Formei na faculdade há quase dois meses. Minha última aula foi em 11 de dezembro de 2020. Colei grau em 14/12. Já estava procurando emprego. Peguei meu registro no conselho em 17/12 e já tinha atendimento no dia 18, que foi cancelado. Comecei na segunda-feira seguinte.
Na primeira semana, dei 66 horas de plantão, trabalhei duas manhãs em clínicas de medicina do trabalho, e fiz a tarefa mais difícil da semana: comprei presentes de Natal e roupas para trabalhar (todas as minhas calças eram rasgadas até então, porque eu sou descolado).
Na segunda semana, 42 horas de plantão. Tinha mais 24 para fazer no final de semana, mas passei para um colega, pois tive que viajar para São Paulo para fazer provas. Também atendi uma manhã em uma clínica particular e duas manhãs em medicina do trabalho. Viajei para São Paulo no sábado de manhã, após um plantão de 24 horas. Cheguei lá à noite, fiz uma prova domingo, fiz outra prova segunda, e voltei segunda à noite. Na terça às 13 horas, poucas horas depois de chegar, outro plantão.
Na terceira semana, completei 60 horas de plantão (tive que passar alguns por causa das provas), além de uma tarde de atendimento em clínica particular. Também fui para São Paulo fazer mais uma prova de residência: saí sábado à noite, cheguei domingo de manhã, fiz a prova, voltei à noite e cheguei em casa na segunda-feira de manhã.

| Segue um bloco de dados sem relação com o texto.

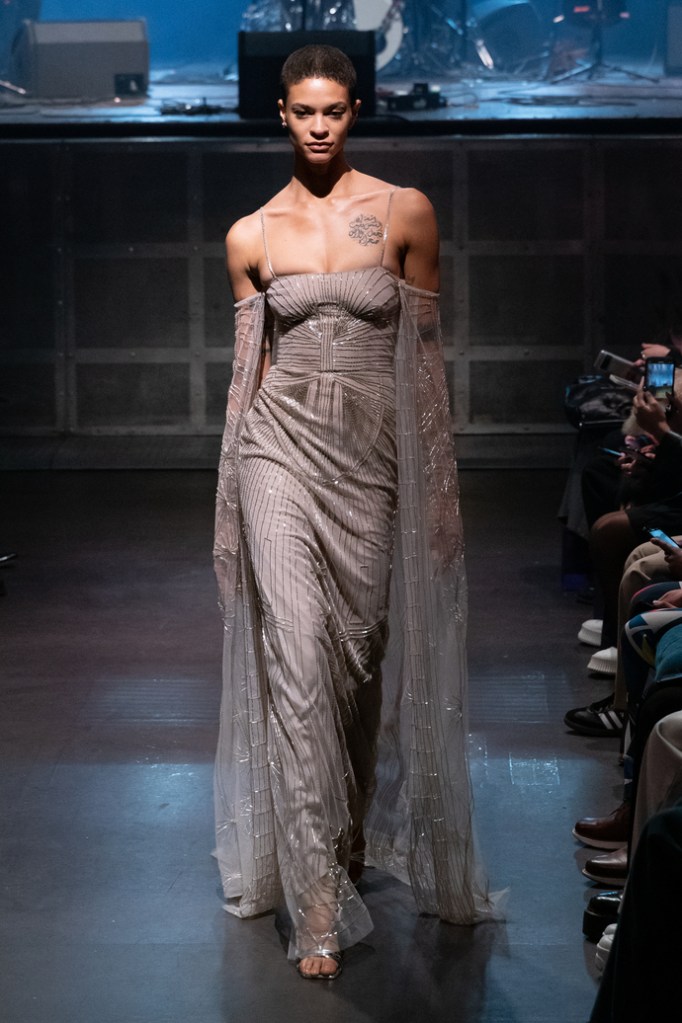 Design duo Anna Rose Shaheen and Anthony Cucculelli are relatively new on the NYFW scene even having fourteen collections to their name & their designs frequently selected for celebrity red carpet appearances. Their first runway show took place last season, for SS23 in the Bowery Hotel. Summery colors of serpent green, and ombre purple as well as their signature look of intricate detail, masterful beading & tailoring and sexy sheer evening wear were beautifully presented. Models strode down the runway where the garments not only engaged the senses visually, but the sound of the beading was noticeably present. The weight and quality of the detailing allowed for guests to hear the garment/model in some cases, before they saw her, adding a richness to the eveningwear.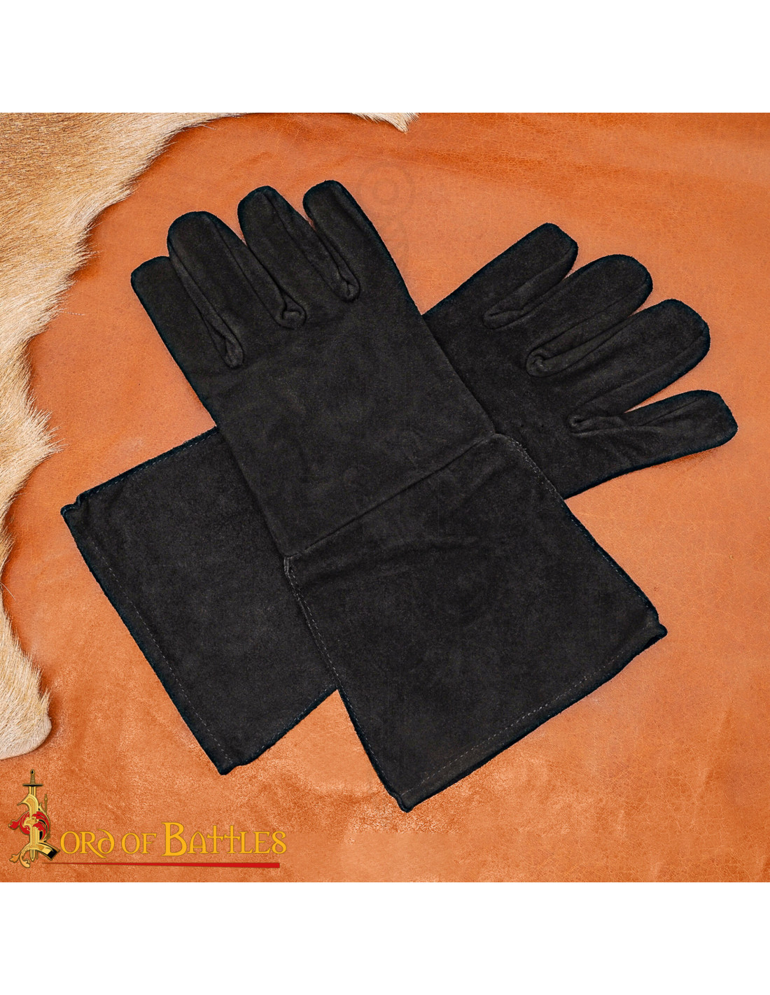 Cerchi protezione con stile e autenticità? Questi guanti medievali in pelle scamosciata nera ti permettono di rivivere epoche passate con un tocco di eleganza e funzionalità. Con il loro design classico, coprono anche i polsi e parte degli avambracci grazie ai lunghi polsini, offrendo una difesa aggiuntiva durante la manipolazione di armi, armature o in ricostruzioni storiche.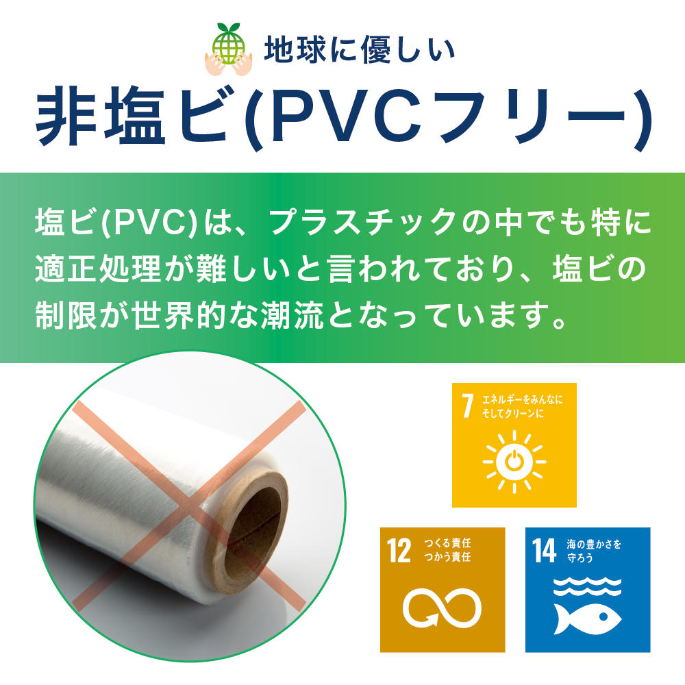 - PETのため、燃やしても有毒ガスがでず、地球にも優しい素材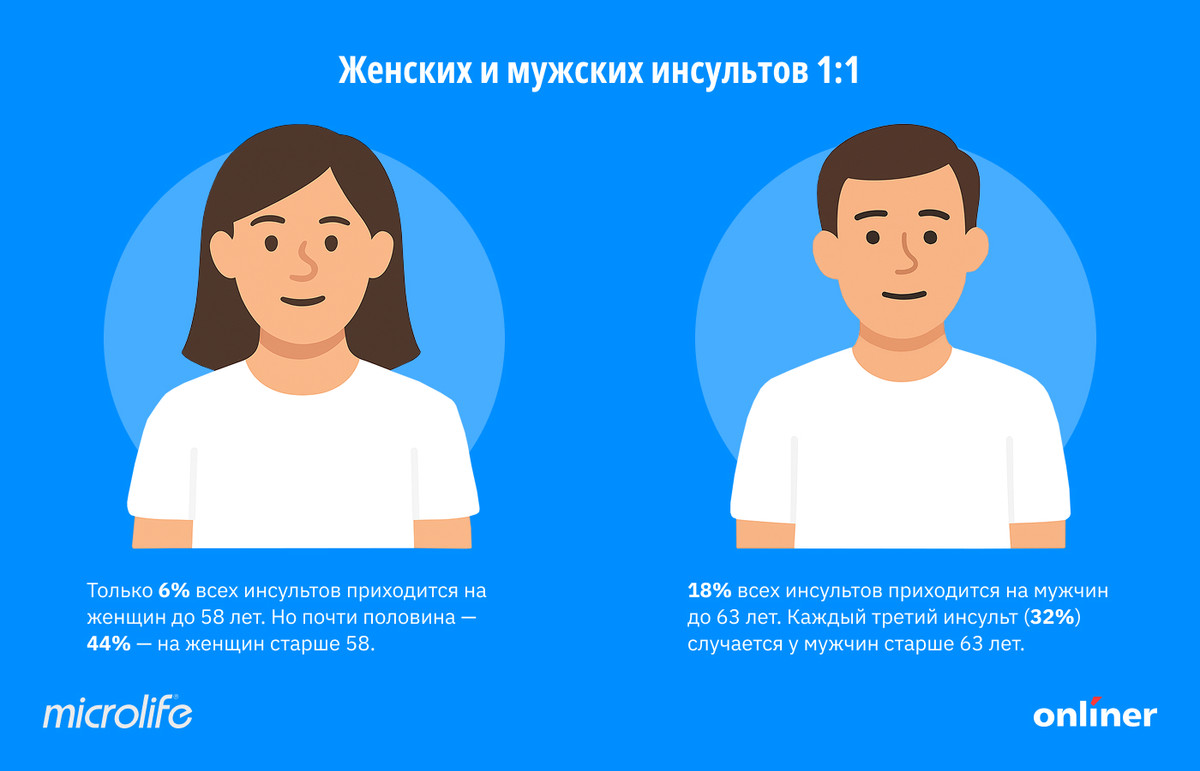 Инсульт занимает второе место среди самых распространенных причин смерти. Опережает его в этом печальном списке только ишемическая болезнь сердца. При этом заподозрить его приближение нельзя ни за месяц, ни за неделю, ни даже за час. Удар всегда происходит внезапно, а после его наступления нужно действовать мгновенно — счет идет на часы. Вместе с Microlife поговорили со специалистом о том, чем отличаются инсульты у мужчин и женщин, что делать, если с ним столкнулся кто-то из близких, и главное — как минимизировать риски.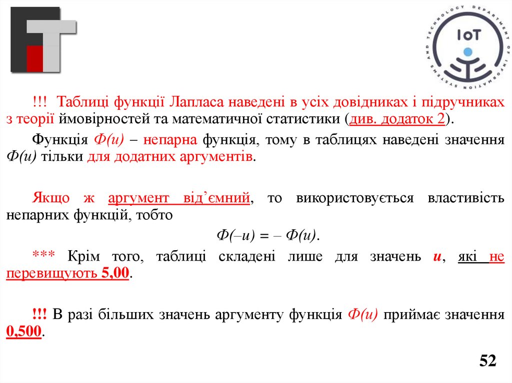Функція Ф(u) – непарна функція, тому в таблицях наведені значення
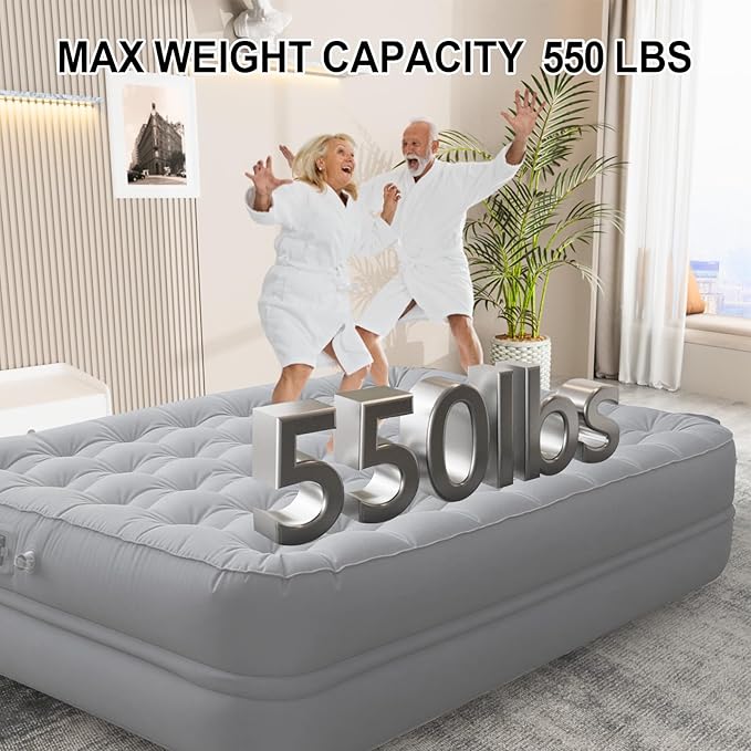 • 【Waterproof & Leakproof】Our inflatable mattress queen features triple-layered seams + industrial-grade PVC to ensure less leaks and 100% waterproofing—no more waking up on a deflated blow-up mattress! Great for camping, guests, or daily use.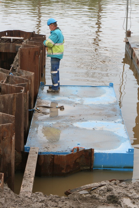 Goed om even te laten zien waar vandaan stuurman Jan zijn handelingen verricht. Vanaf een GMB-vlot dat tegen de oostkant van de damwandkuip ligt aangedrukt, bereikbaar via een glibberige oeverkant en smalle loopplank. Overmoedig dacht ik daar ook wel wat foto’s te kunnen gaan maken, maar van gladde hellingen naar beneden glijden is niet mijn favoriete bezigheid. Even doemde het schrikbeeld op van een spartelende JB in het kanaalwater die manmoedig probeert zijn Canon boven water te houden…. Voldoende aanleiding op mijn schreden terug te keren. Naar het binnenste van de kuip dan maar….

Na quarta semana, tive 72 horas de plantões, quatro manhãs em medicina do trabalho, e uma manhã e uma tarde em clínicas particulares. Também passei um plantão de segunda-feira por causa da prova que fiz no final de semana anterior. No domingo, tive ainda outra prova, porém na minha cidade dessa vez.
Na quinta semana, comecei a fazer algo importantíssimo: anotar na agenda horários obrigatórios de descanso. Sem eles, eu me perdia nos horários e pegava serviços que chegavam a emendar três noites e dois dias sem descanso: plantão noturno, clínica de medicina do trabalho, plantão vespertino, outro noturno, clínica de medicina do trabalho de manhã, clínica particular à tarde, outro plantão noturno etc. Era insustentável.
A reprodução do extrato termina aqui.